**Input:**

□ □ □ □ □

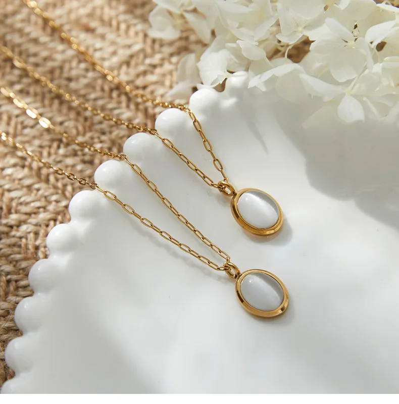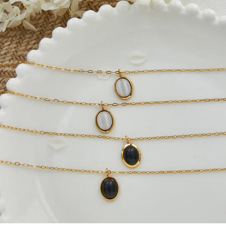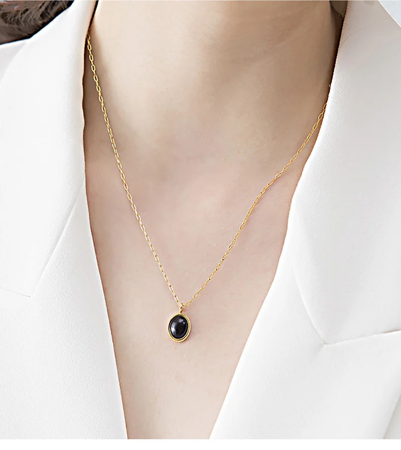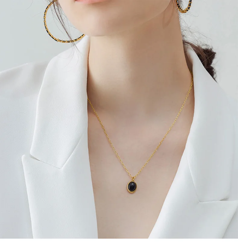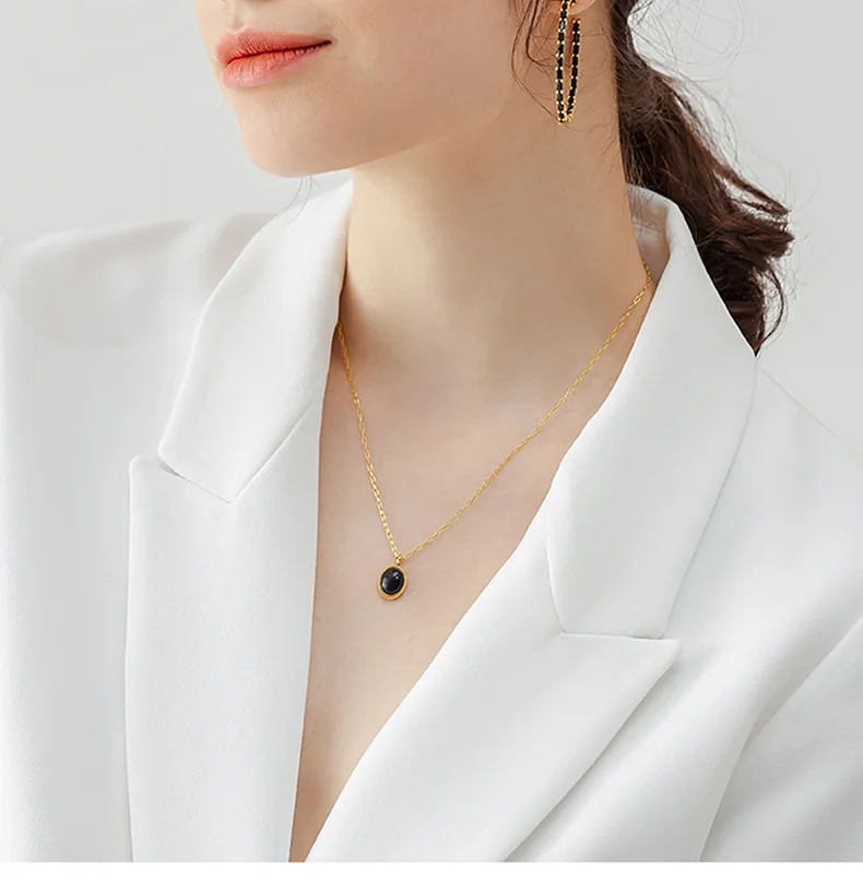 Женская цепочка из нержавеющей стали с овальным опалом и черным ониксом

□ □ □ □ □

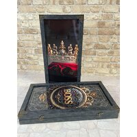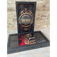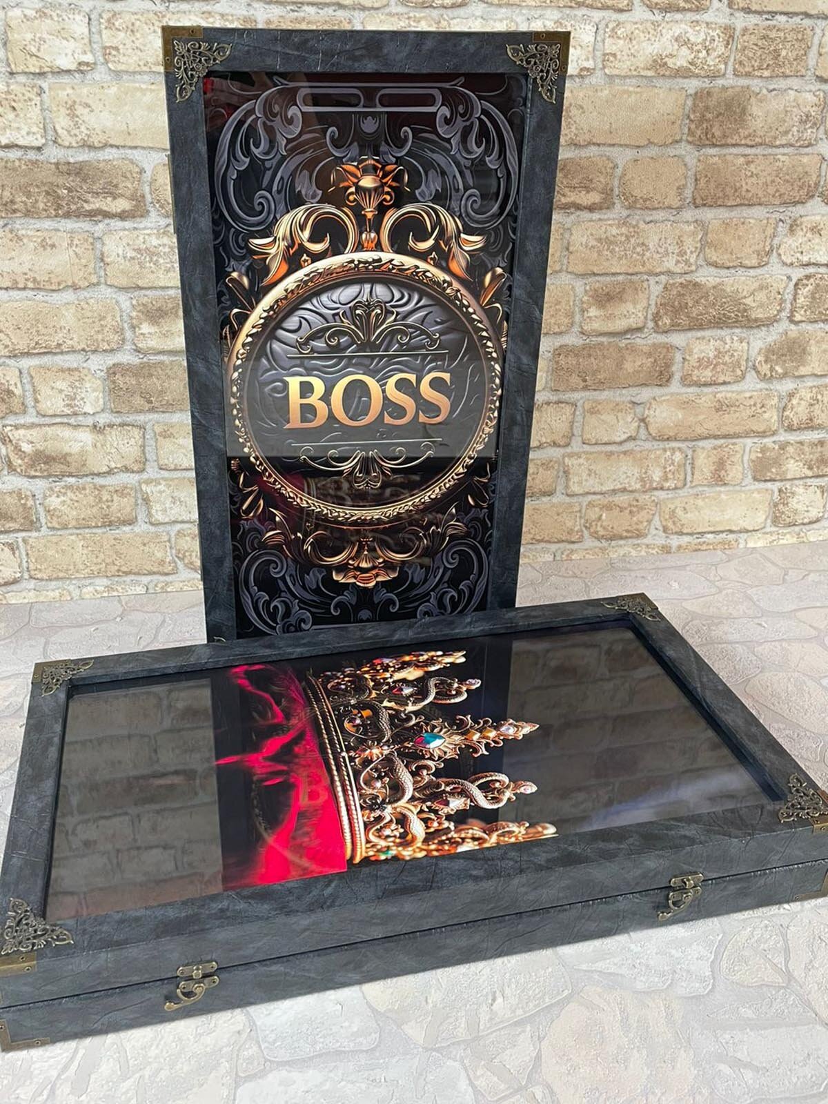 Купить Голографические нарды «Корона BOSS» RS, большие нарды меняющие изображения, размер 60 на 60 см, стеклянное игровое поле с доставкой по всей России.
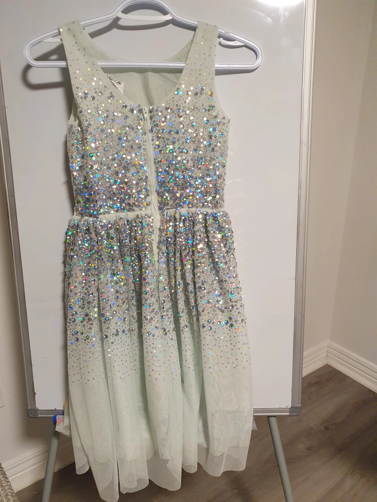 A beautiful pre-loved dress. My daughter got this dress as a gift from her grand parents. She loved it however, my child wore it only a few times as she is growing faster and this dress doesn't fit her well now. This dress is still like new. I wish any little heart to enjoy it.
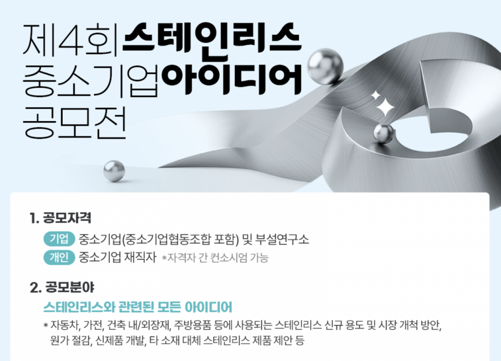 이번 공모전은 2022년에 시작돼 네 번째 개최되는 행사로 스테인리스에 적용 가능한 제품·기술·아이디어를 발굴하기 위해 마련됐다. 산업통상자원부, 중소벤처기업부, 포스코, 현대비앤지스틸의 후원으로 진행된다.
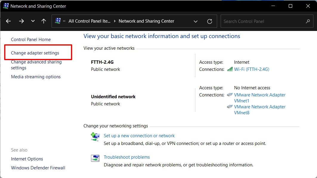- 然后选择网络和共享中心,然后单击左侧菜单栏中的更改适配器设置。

□ □ □ □ □

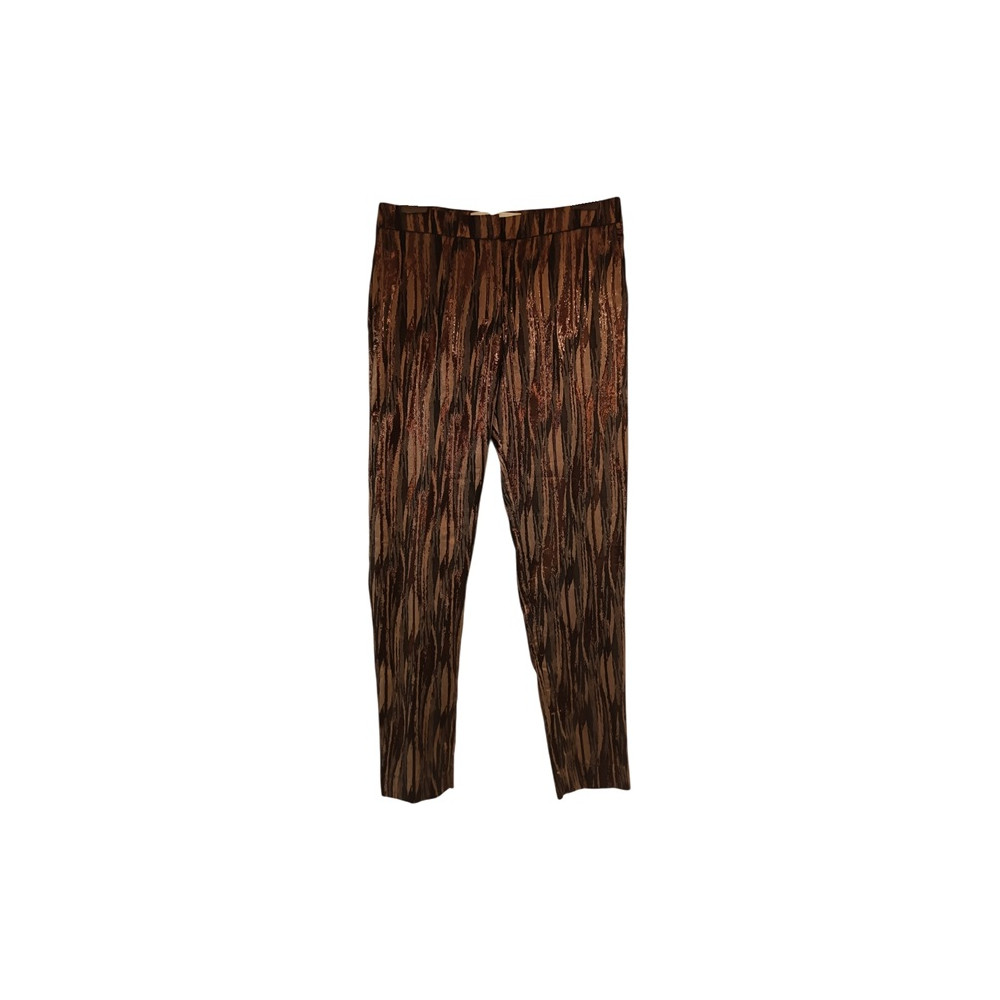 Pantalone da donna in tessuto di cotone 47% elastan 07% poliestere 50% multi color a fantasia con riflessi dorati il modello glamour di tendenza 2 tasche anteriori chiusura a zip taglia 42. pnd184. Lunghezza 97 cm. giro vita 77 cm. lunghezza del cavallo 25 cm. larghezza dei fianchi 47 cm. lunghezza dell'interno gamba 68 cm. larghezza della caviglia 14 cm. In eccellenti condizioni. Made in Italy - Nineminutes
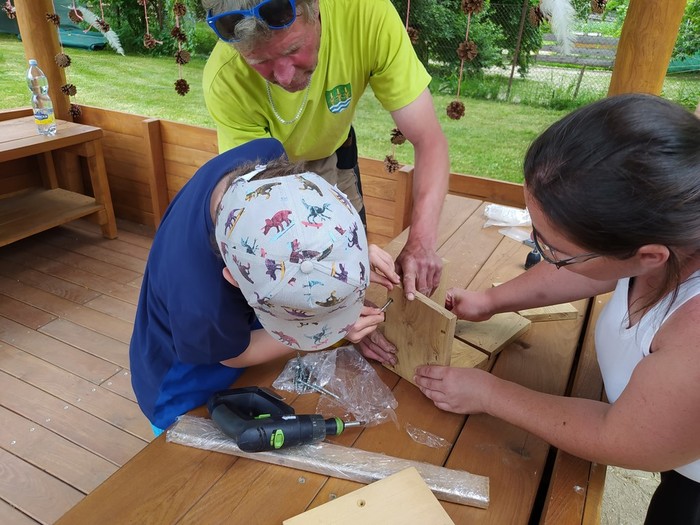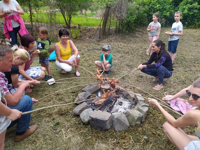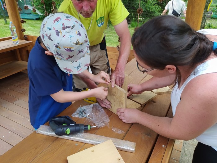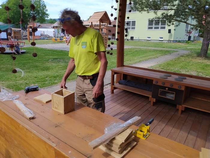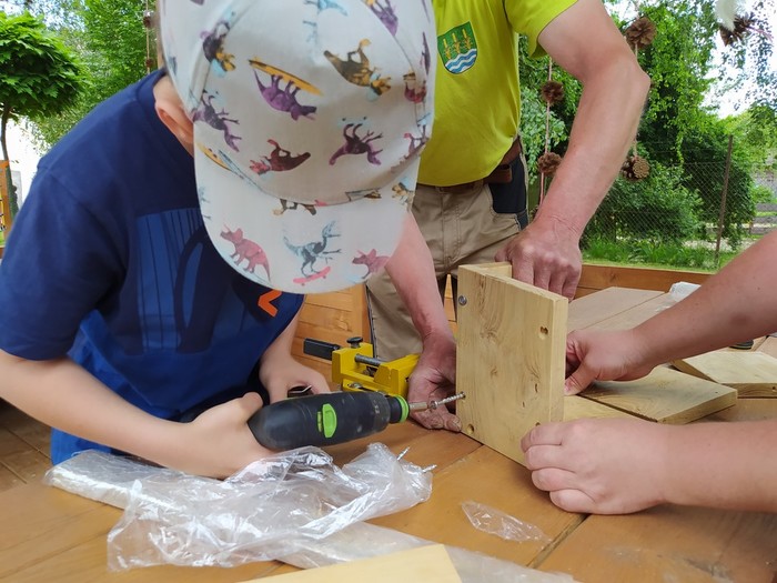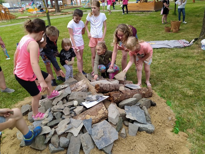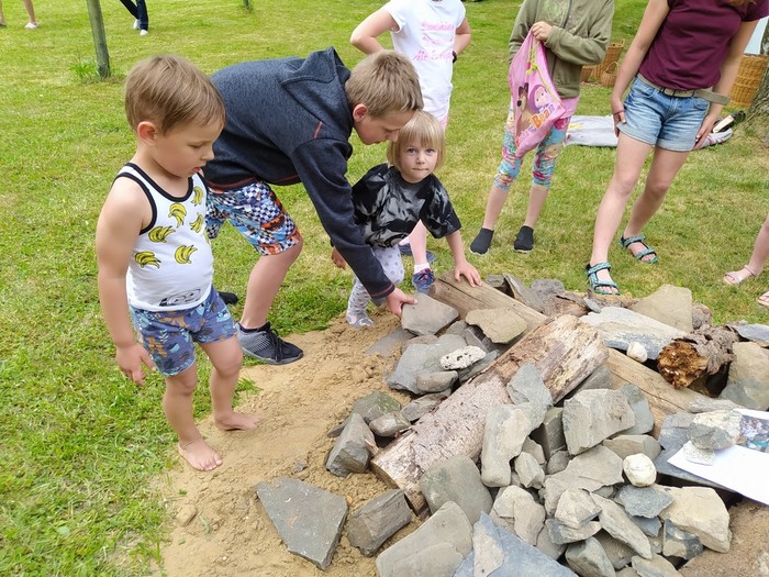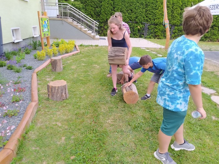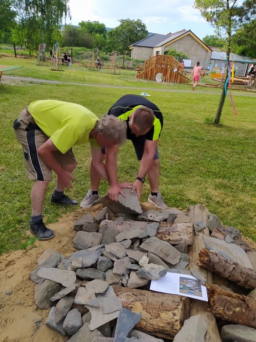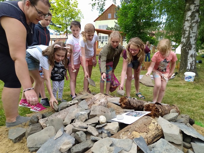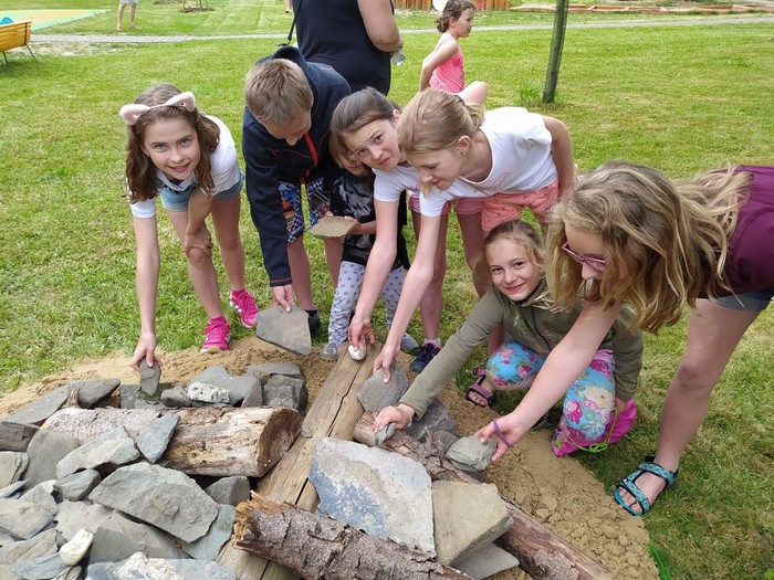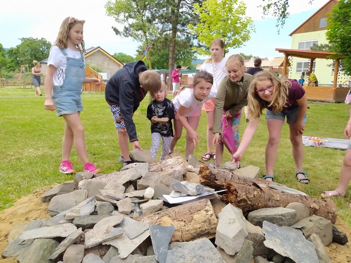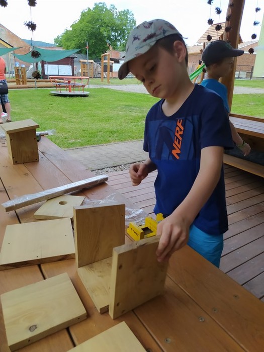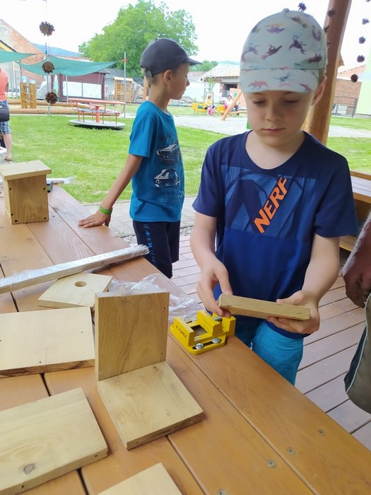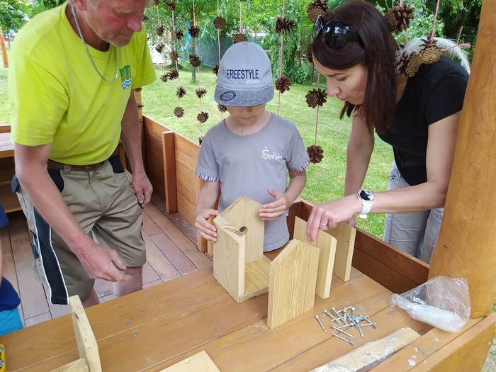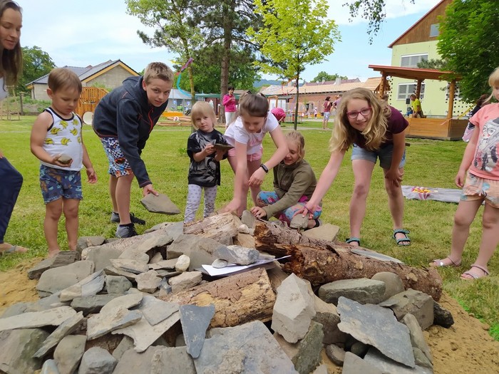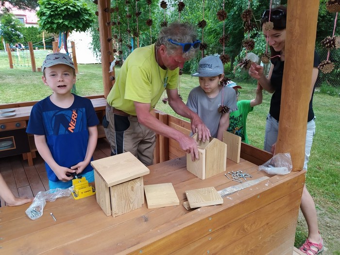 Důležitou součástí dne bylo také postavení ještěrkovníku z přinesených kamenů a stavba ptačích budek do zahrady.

□ □ □ □ □

**Exercise goal:**
A verbatim reproduction is expected: starting at the line above that has "Pantalone da donna", ending at the line that has "Důležitou součástí dne", both included, and with no pictures and no other lines.

**Expected answer:**
 Pantalone da donna in tessuto di cotone 47% elastan 07% poliestere 50% multi color a fantasia con riflessi dorati il modello glamour di tendenza 2 tasche anteriori chiusura a zip taglia 42. pnd184. Lunghezza 97 cm. giro vita 77 cm. lunghezza del cavallo 25 cm. larghezza dei fianchi 47 cm. lunghezza dell'interno gamba 68 cm. larghezza della caviglia 14 cm. In eccellenti condizioni. Made in Italy - Nineminutes
 Důležitou součástí dne bylo také postavení ještěrkovníku z přinesených kamenů a stavba ptačích budek do zahrady.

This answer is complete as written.